I also added a gr_multiply_conjugate_cc block. This one made a lot of sense to me. First, it was really easy to add the two lines it took to convert the Volk kernel that did a complex multiply into the conjugate and multiply kernel that's there now. Since this is such an often-used function in DSP, it just seemed to make sense to have a block that did it. My benchmarking shows a notable improvement in speed by combining this operation into a single block, too. Just to note, this block takes in two (and only two) inputs where the second stream is the one that gets conjugated.
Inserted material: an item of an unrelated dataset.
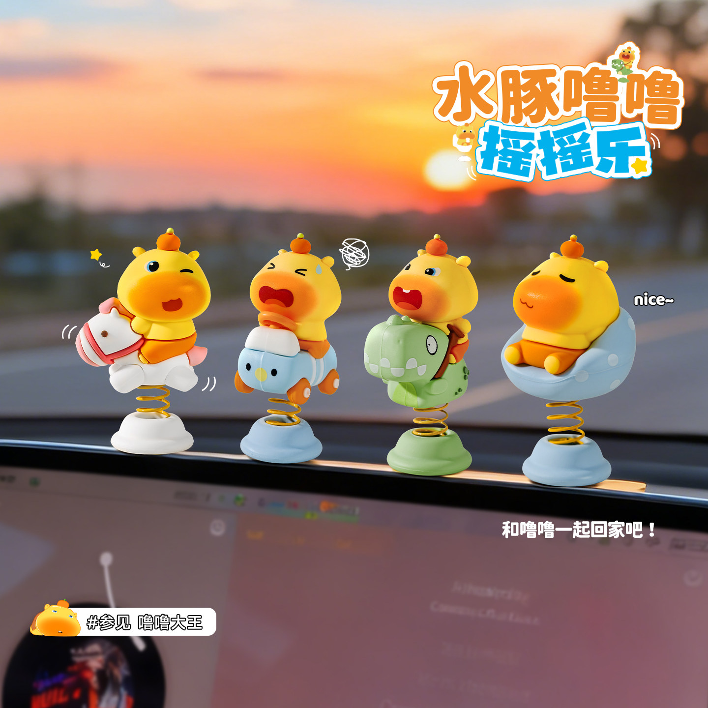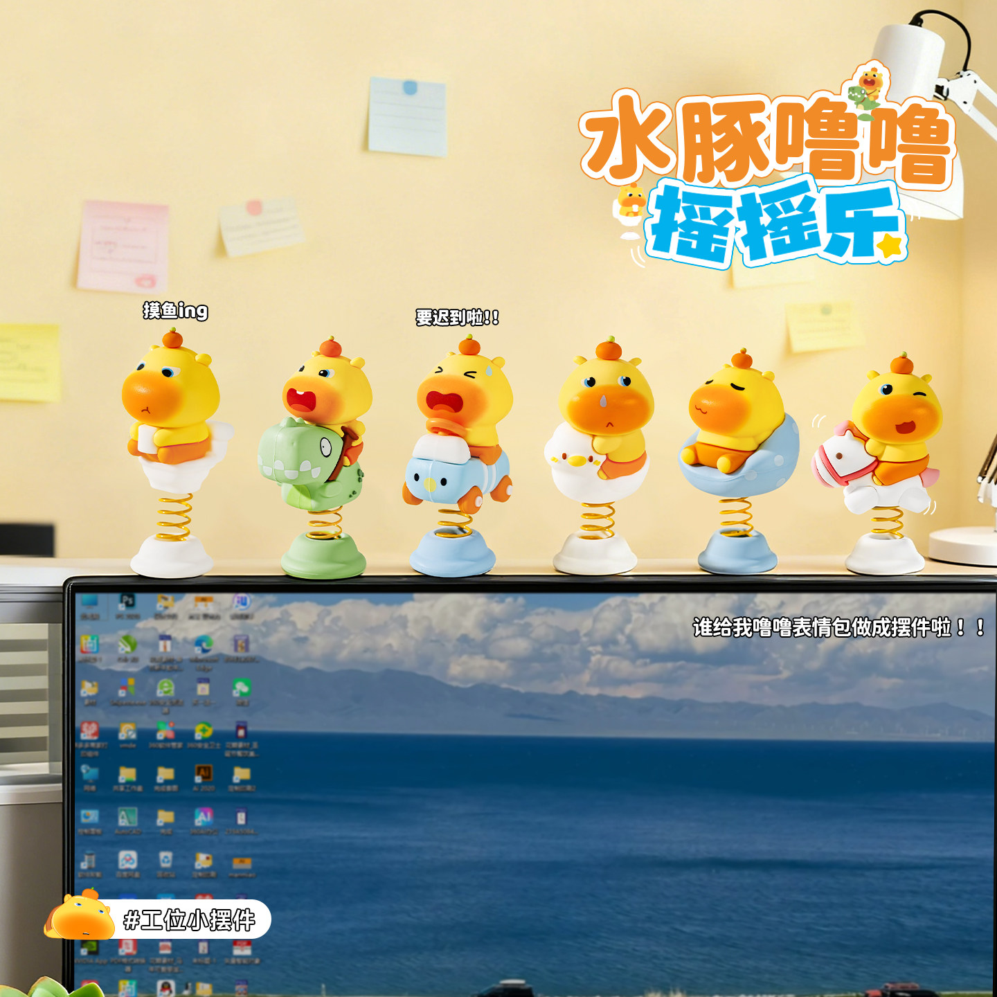 正版水豚噜噜摇摇乐小摆件办公室桌面工位可爱电动车载公仔装饰品

What follows is a list of blocks o different types convered to using Volk


Type conversion blocks

  • gnuradio-core/src/lib/general/gr_char_to_float
  • gnuradio-core/src/lib/general/gr_char_to_short
  • gnuradio-core/src/lib/general/gr_complex_to_xxx
  • gnuradio-core/src/lib/general/gr_float_to_char
  • gnuradio-core/src/lib/general/gr_float_to_int
  • gnuradio-core/src/lib/general/gr_float_to_short
  • gnuradio-core/src/lib/general/gr_int_to_float
  • gnuradio-core/src/lib/general/gr_short_to_char
  • gnuradio-core/src/lib/general/gr_short_to_float


Filtering blocks

  • gnuradio-core/src/lib/filter/gr_fft_filter_ccc
  • gnuradio-core/src/lib/filter/gr_fft_filter_fff
  • gnuradio-core/src/lib/filter/gri_fft_filter_ccc_generic
  • gnuradio-core/src/lib/filter/gri_fft_filter_fff_generic


General math blocks

  • gnuradio-core/src/lib/general/gr_add_ff
  • gnuradio-core/src/lib/general/gr_conjugate_cc
  • gnuradio-core/src/lib/general/gr_multiply_cc
  • gnuradio-core/src/lib/general/gr_multiply_conjugate_cc
  • gnuradio-core/src/lib/general/gr_multiply_const_cc
  • gnuradio-core/src/lib/general/gr_multiply_conjugate_cc
  • gnuradio-core/src/lib/general/gr_multiply_const_cc
  • gnuradio-core/src/lib/general/gr_multiply_const_ff
  • gnuradio-core/src/lib/general/gr_multiply_ff

Gengen to General

One thing that might confuse people who have previously developed in the guts of GNU Radio is how I moved some of the blocks from gengen to general. Many GNU Radio blocks perform some function, like basic mathematical operations on two or more streams, that behave identically from a code standpoint but which use different data types. These have been put into the gengen directory as templated files where a Python script is used to autogenerate the type-specific class. This was before Swig would properly handle actual C++ templates, so we were left doing it this way.


Well, with Volk, we don't really have the option to template classessince the Volk call is highly specific to the data type used. So when moving certain math block for a specific type out of gengen, we went with the simple solution of removing that data type from the autogeneration scripts and placing it into general as a stand-alone block that can call the right Volk function. Good examples are the gr_multiply_cc and gr_multiply_ff blocks to see what I mean.


This really seems like the simplest possible answer to the problem. It maintains our block structure that we've been using for almost a decade now and keeps things clean and simple for both developers and users. The downside is some duplication of code, but with the Volk C functions, that is somewhat inevitable and not a huge issue to deal with.